## Try it
No pictures are to be included when the entries below are reproduced exactly.

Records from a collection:
%%

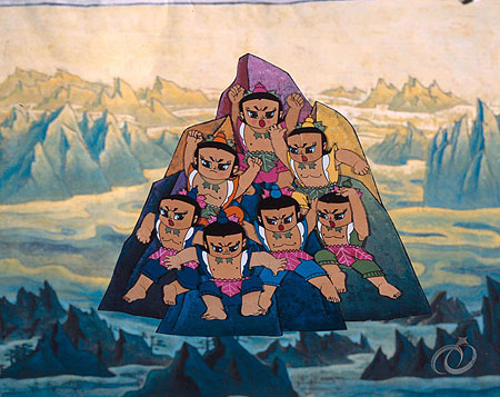 這七個兄弟會吃又會長,很乖又團結。很快地,就長得很大了,而且各有不同的本領:大兒子叫力氣大,二兒子叫刮大風(會吹大氣),三兒子叫皮很硬,四兒子叫不怕熱,五兒子叫竹竿腿,六兒子叫肚量大,七兒子叫大腳丫。
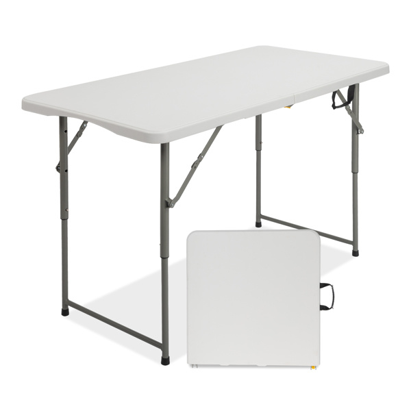 The 4ft Foldable Lift Patio Plastic Table is a best choice for you.  The table is made from HDPE and the leg is made of steel.  It's of great outdoor leisure furniture.  This table has small size and light weight so that it's easy to be fitted with your guard. This table also has the function of lifting and folding.  This is a best useful furniture for you.  It's structure simple and practical.  You can put it in your garden or in your guard.  You will like it so what are you still waiting for?
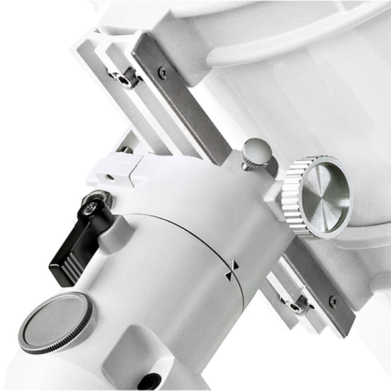 Телескоп комплектуется немецкой экваториальной монтировкой EXOS-2 и устойчивой стальной треногой. Дополнительную жесткость треноге придает металлическая полочка для принадлежностей, имеющая отверстия под окуляры стандартов 1.25” и 2”. Высота треноги регулируется, что позволяет адаптировать телескоп к росту наблюдателя. Монтировка EXOS-2/EQ5 имеет понятную конструкцию и систему управления и способна нести трубу весом до 13 кг. Механизмы тонких движений по обеим осям снабжены гибкими удобными ручками для комфортного управления телескопом при любом положении наблюдателя. Монтировка может быть дополнена приобретаемыми отдельно электрическим приводом оси прямого восхождения и искателем полюса для сопровождения суточного движения светил без участия наблюдателя при визуальных наблюдениях или фотосъемке. Одной из последних доработок компании, внедренных в данном телескопе, является новый фокусер Hexafoc с внутренним диаметром 2,5". Благодаря такому решению, удалось избежать возможного виньетирования (обрезания) изображения при работе с широкопольными двухдюймовыми окулярами. Кроме того внимание было уделено улучшению плавности хода и стабильности самой системы фокусировки.
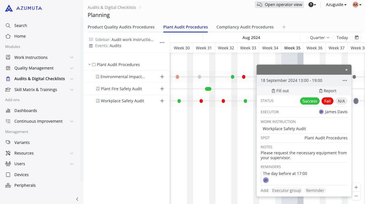 Azumuta’s Audits & Digital Checklist module is designed to streamline any audit within manufacturing environments. This module allows you to digitize and standardize your audit procedures, making it easier for your plant to maintain its consistency and compliance. Be it for regular maintenance audits or for external audits (such as the ISO audits) – our module is ready to help you run & manage any audit in your plant.
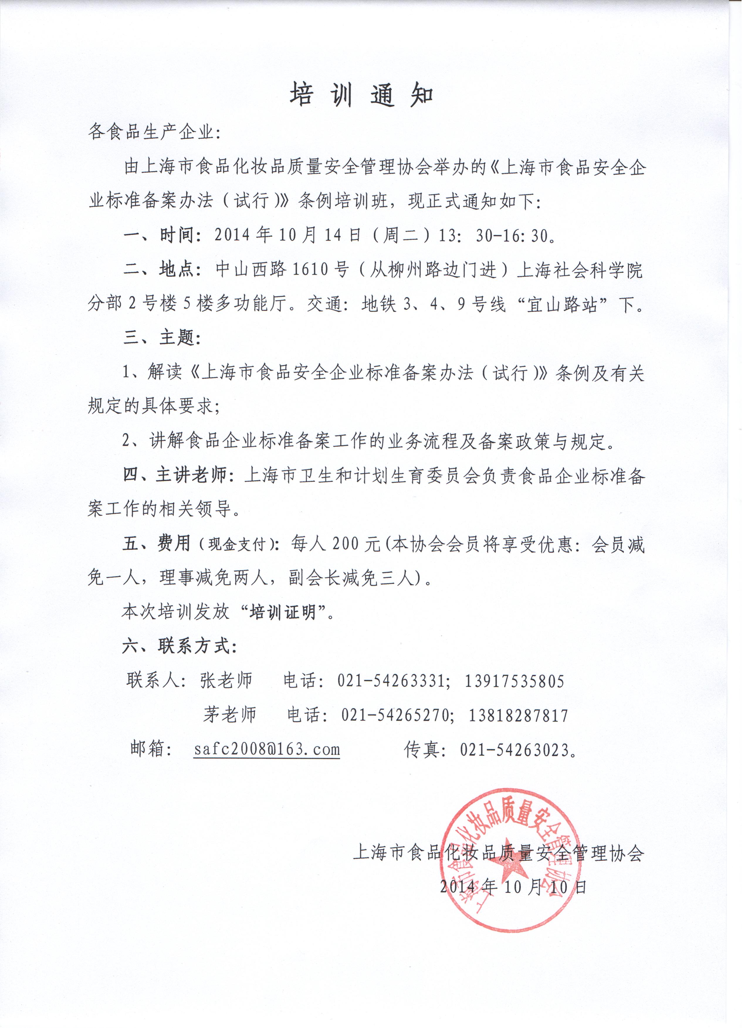 《上海市食品安全企业标准备案办法(试行)》条例培训班正式通知
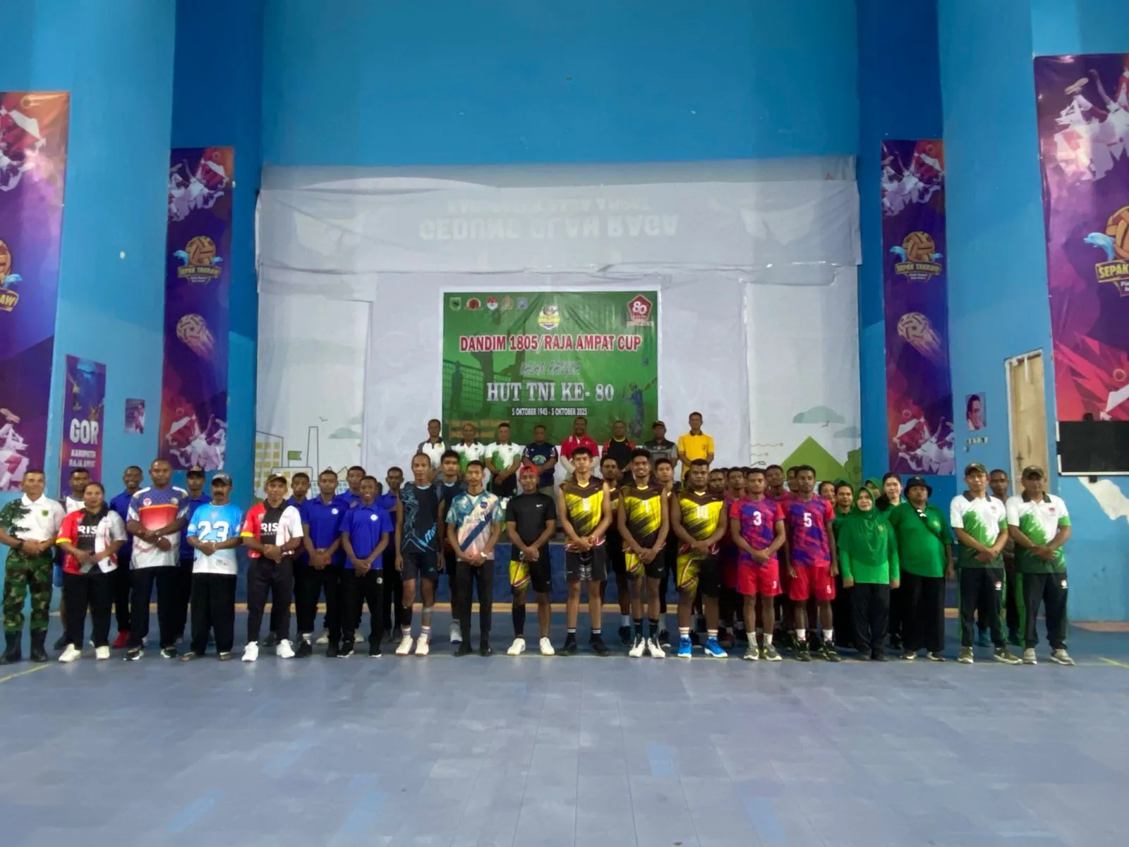 Raja Ampat,PBD– Komandan Kodim 1805/Raja Ampat Letkol Czi Tri Wibowo Angga Astono, yang di Wakili Oleh pasi pers kodim 1805/Raja Ampat kapten Inf Kusno Hutomo membuka secara resmi Turnamen Bola Voli , memperebutkan Piala Dandim Cup, dalam rangka HUT TNI Ke-80.
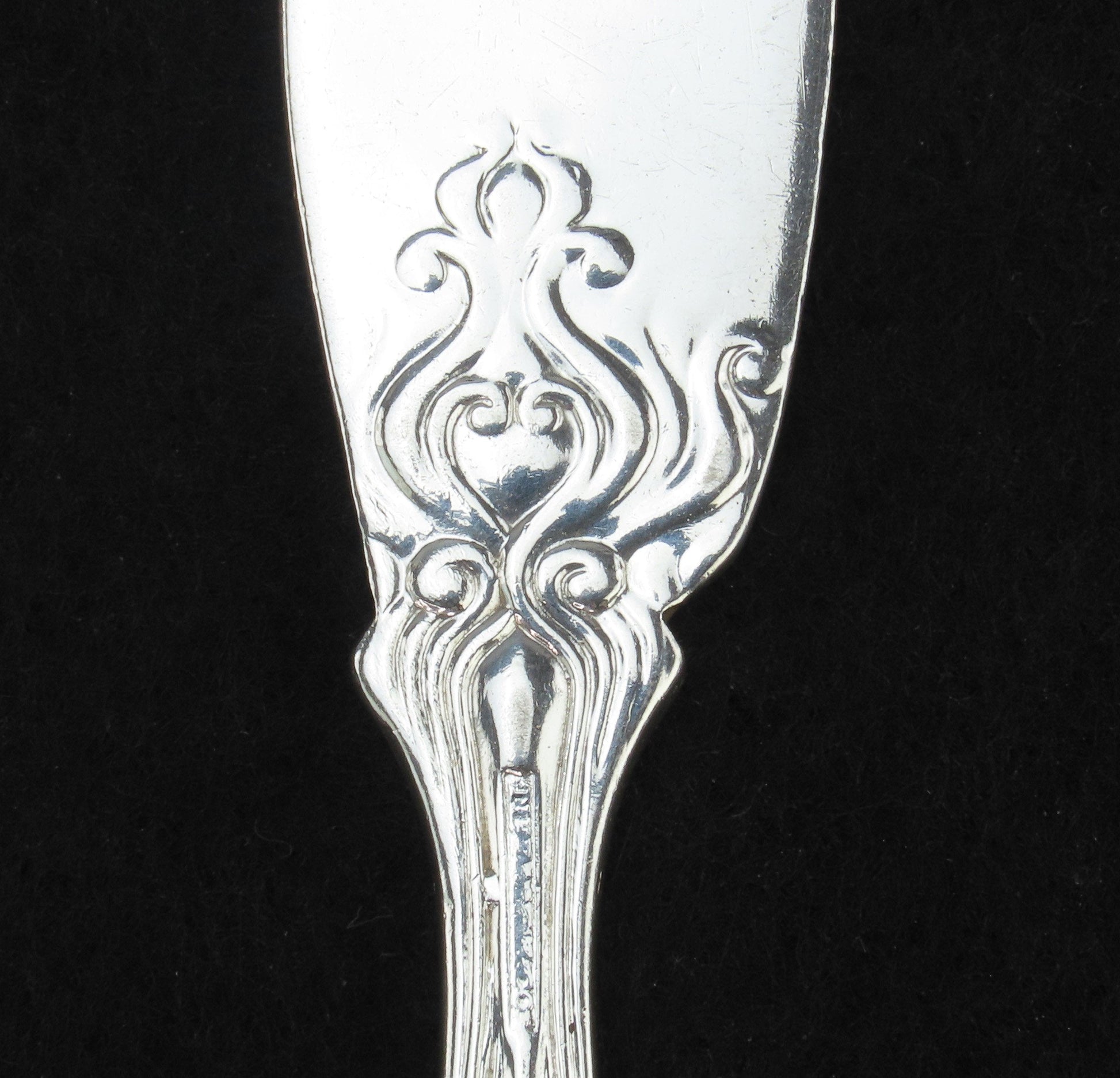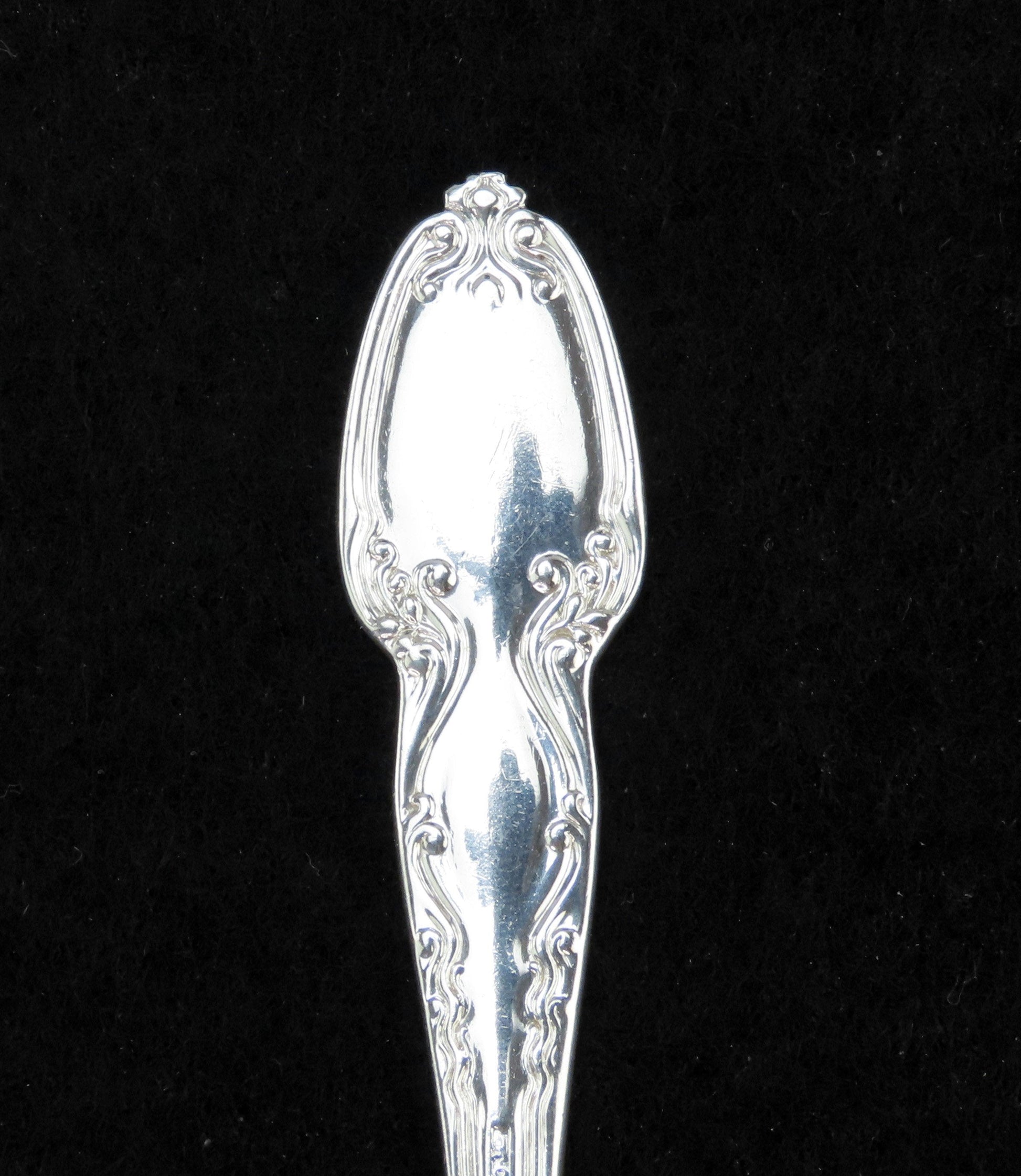 The stem is stamped with the Tiffany & Co maker's mark as well as the patent date of the patent date of 1890. These stamps are somewhat worn with polishing, but are more legible in person than the photos show.
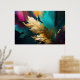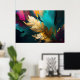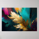 This sophisticated abstract artwork centers on a single gilded feather, rendered in luminous gold against a dramatic backdrop of deep teal, black, and rich jewel tones. The metallic texture of the feather catches the eye immediately, symbolizing lightness, freedom, and quiet strength, while expressive brushstrokes and layered color fields create depth and modern contrast.
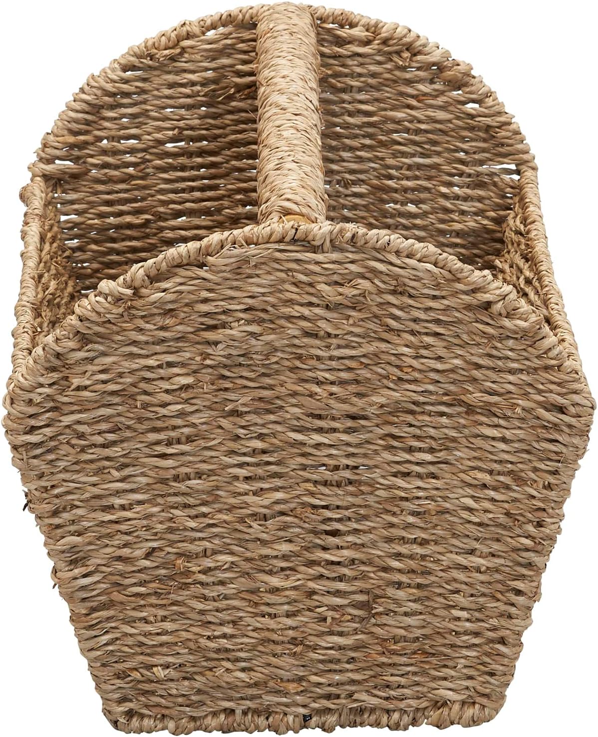 Household Essentials Wicker Magazine Basket, 2 Sectioned, Strong Water Hyacinth Weave, Durable Metal Frame, Comfortable Built-In Handle, Great for Storage, Decoration or Sorting, Natural
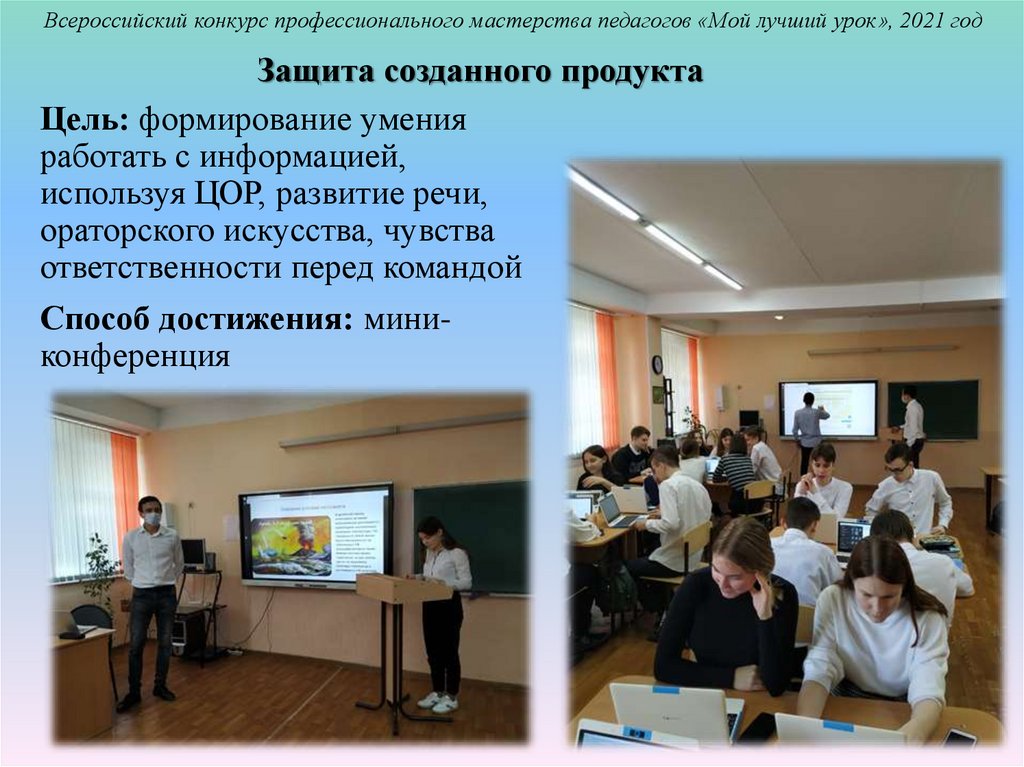 Всероссийский конкурс профессионального мастерства педагогов «Мой лучший урок», 2021 годЗащита созданного продукта
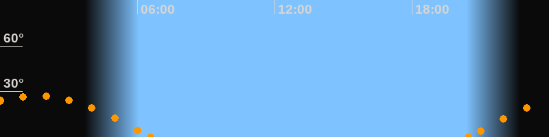 Höchster Stand (Kulmination)01:29 Uhr (h = 27.1°)

%%

## Output for this exercise
 這七個兄弟會吃又會長,很乖又團結。很快地,就長得很大了,而且各有不同的本領:大兒子叫力氣大,二兒子叫刮大風(會吹大氣),三兒子叫皮很硬,四兒子叫不怕熱,五兒子叫竹竿腿,六兒子叫肚量大,七兒子叫大腳丫。
 The 4ft Foldable Lift Patio Plastic Table is a best choice for you.  The table is made from HDPE and the leg is made of steel.  It's of great outdoor leisure furniture.  This table has small size and light weight so that it's easy to be fitted with your guard. This table also has the function of lifting and folding.  This is a best useful furniture for you.  It's structure simple and practical.  You can put it in your garden or in your guard.  You will like it so what are you still waiting for?
 Телескоп комплектуется немецкой экваториальной монтировкой EXOS-2 и устойчивой стальной треногой. Дополнительную жесткость треноге придает металлическая полочка для принадлежностей, имеющая отверстия под окуляры стандартов 1.25” и 2”. Высота треноги регулируется, что позволяет адаптировать телескоп к росту наблюдателя. Монтировка EXOS-2/EQ5 имеет понятную конструкцию и систему управления и способна нести трубу весом до 13 кг. Механизмы тонких движений по обеим осям снабжены гибкими удобными ручками для комфортного управления телескопом при любом положении наблюдателя. Монтировка может быть дополнена приобретаемыми отдельно электрическим приводом оси прямого восхождения и искателем полюса для сопровождения суточного движения светил без участия наблюдателя при визуальных наблюдениях или фотосъемке. Одной из последних доработок компании, внедренных в данном телескопе, является новый фокусер Hexafoc с внутренним диаметром 2,5". Благодаря такому решению, удалось избежать возможного виньетирования (обрезания) изображения при работе с широкопольными двухдюймовыми окулярами. Кроме того внимание было уделено улучшению плавности хода и стабильности самой системы фокусировки.
 Azumuta’s Audits & Digital Checklist module is designed to streamline any audit within manufacturing environments. This module allows you to digitize and standardize your audit procedures, making it easier for your plant to maintain its consistency and compliance. Be it for regular maintenance audits or for external audits (such as the ISO audits) – our module is ready to help you run & manage any audit in your plant.
 《上海市食品安全企业标准备案办法(试行)》条例培训班正式通知
 Raja Ampat,PBD– Komandan Kodim 1805/Raja Ampat Letkol Czi Tri Wibowo Angga Astono, yang di Wakili Oleh pasi pers kodim 1805/Raja Ampat kapten Inf Kusno Hutomo membuka secara resmi Turnamen Bola Voli , memperebutkan Piala Dandim Cup, dalam rangka HUT TNI Ke-80.
 The stem is stamped with the Tiffany & Co maker's mark as well as the patent date of the patent date of 1890. These stamps are somewhat worn with polishing, but are more legible in person than the photos show.
 This sophisticated abstract artwork centers on a single gilded feather, rendered in luminous gold against a dramatic backdrop of deep teal, black, and rich jewel tones. The metallic texture of the feather catches the eye immediately, symbolizing lightness, freedom, and quiet strength, while expressive brushstrokes and layered color fields create depth and modern contrast.
 Household Essentials Wicker Magazine Basket, 2 Sectioned, Strong Water Hyacinth Weave, Durable Metal Frame, Comfortable Built-In Handle, Great for Storage, Decoration or Sorting, Natural
 Всероссийский конкурс профессионального мастерства педагогов «Мой лучший урок», 2021 годЗащита созданного продукта
 Höchster Stand (Kulmination)01:29 Uhr (h = 27.1°)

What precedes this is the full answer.